Exact transcription of the data below is required, without the images.

* INFORMATION SHOWN *
━━━

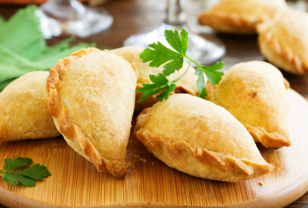 Masa de harina de trigo rellena de Carne molida e res preparada
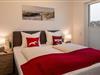 Beide Schlafzimmer sind mit einem Boxspringbett, zwei Nachttischen, einem Kleiderschrank und einem Fernseher ausgestattet. Außenrollläden sorgen für eine angenehme Nachtruhe. Das Duschbad bietet eine Dusche mit Hand- und Regendusche, einen Handtuchheizkörper, einen Fön und einen Kosmetikspiegel.
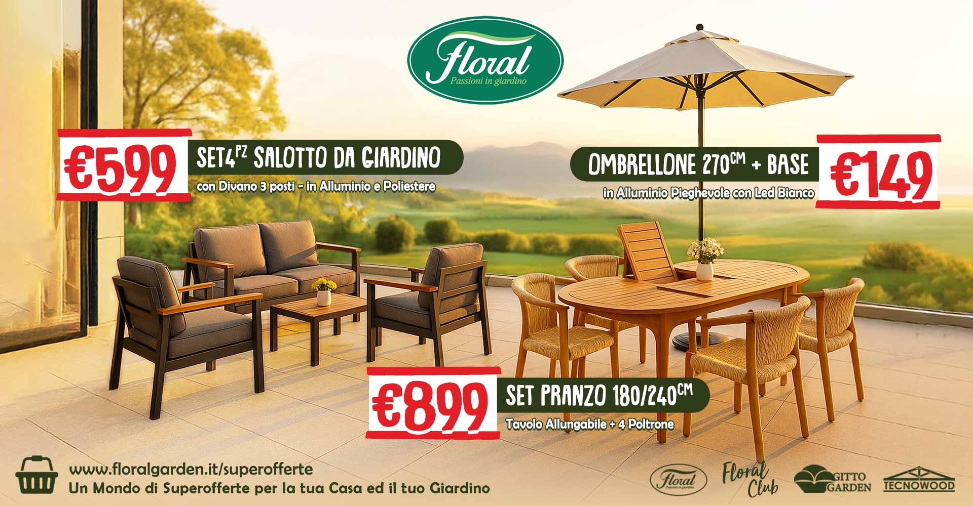 Arredare il proprio giardino non è una moda passeggera: è una scelta di benessere. Che si tratti di un piccolo terrazzo o di un grande spazio verde, Floral Garden ti aiuta a trasformarlo in un ambiente che parla di te, accogliente, funzionale e durevole nel tempo.
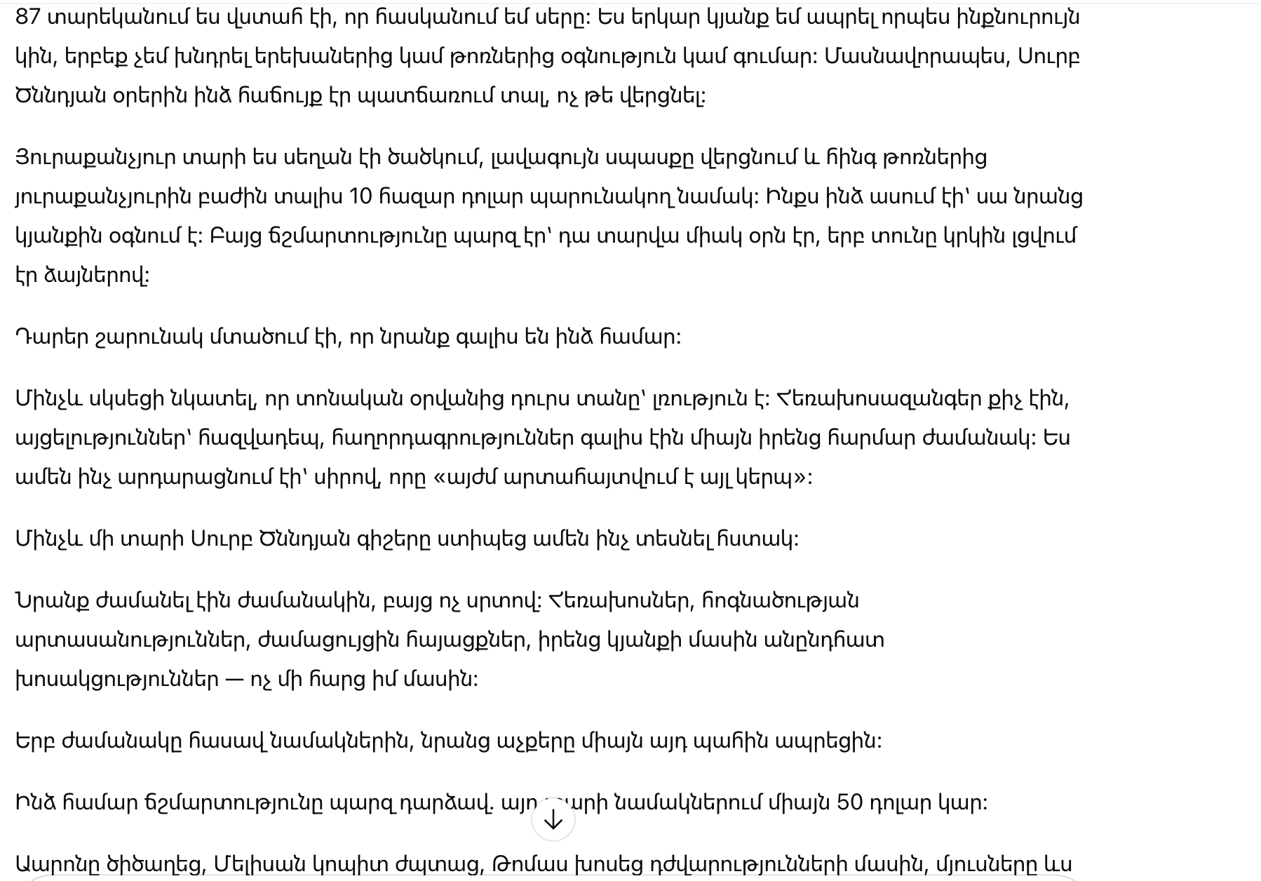 На протяжении многих лет Рождество было моим любимым временем года. Каждую Рождественскую ночь я приглашала пятерых своих внуков к себе. Я готовила за несколько дней до праздника, накрывая стол своим лучшим фарфором и зажигая свечи, которые мы с мужем купили много лет назад. После ужина, когда тарелки убирали, а в комнате царила спокойная атмосфера, я раздавала каждому внуку конверт. Внутри каждого из них было по десять тысяч долларов.

━━━

* SOLUTION TO THIS PROBLEM *
 Masa de harina de trigo rellena de Carne molida e res preparada
 Beide Schlafzimmer sind mit einem Boxspringbett, zwei Nachttischen, einem Kleiderschrank und einem Fernseher ausgestattet. Außenrollläden sorgen für eine angenehme Nachtruhe. Das Duschbad bietet eine Dusche mit Hand- und Regendusche, einen Handtuchheizkörper, einen Fön und einen Kosmetikspiegel.
 Arredare il proprio giardino non è una moda passeggera: è una scelta di benessere. Che si tratti di un piccolo terrazzo o di un grande spazio verde, Floral Garden ti aiuta a trasformarlo in un ambiente che parla di te, accogliente, funzionale e durevole nel tempo.
 На протяжении многих лет Рождество было моим любимым временем года. Каждую Рождественскую ночь я приглашала пятерых своих внуков к себе. Я готовила за несколько дней до праздника, накрывая стол своим лучшим фарфором и зажигая свечи, которые мы с мужем купили много лет назад. После ужина, когда тарелки убирали, а в комнате царила спокойная атмосфера, я раздавала каждому внуку конверт. Внутри каждого из них было по десять тысяч долларов.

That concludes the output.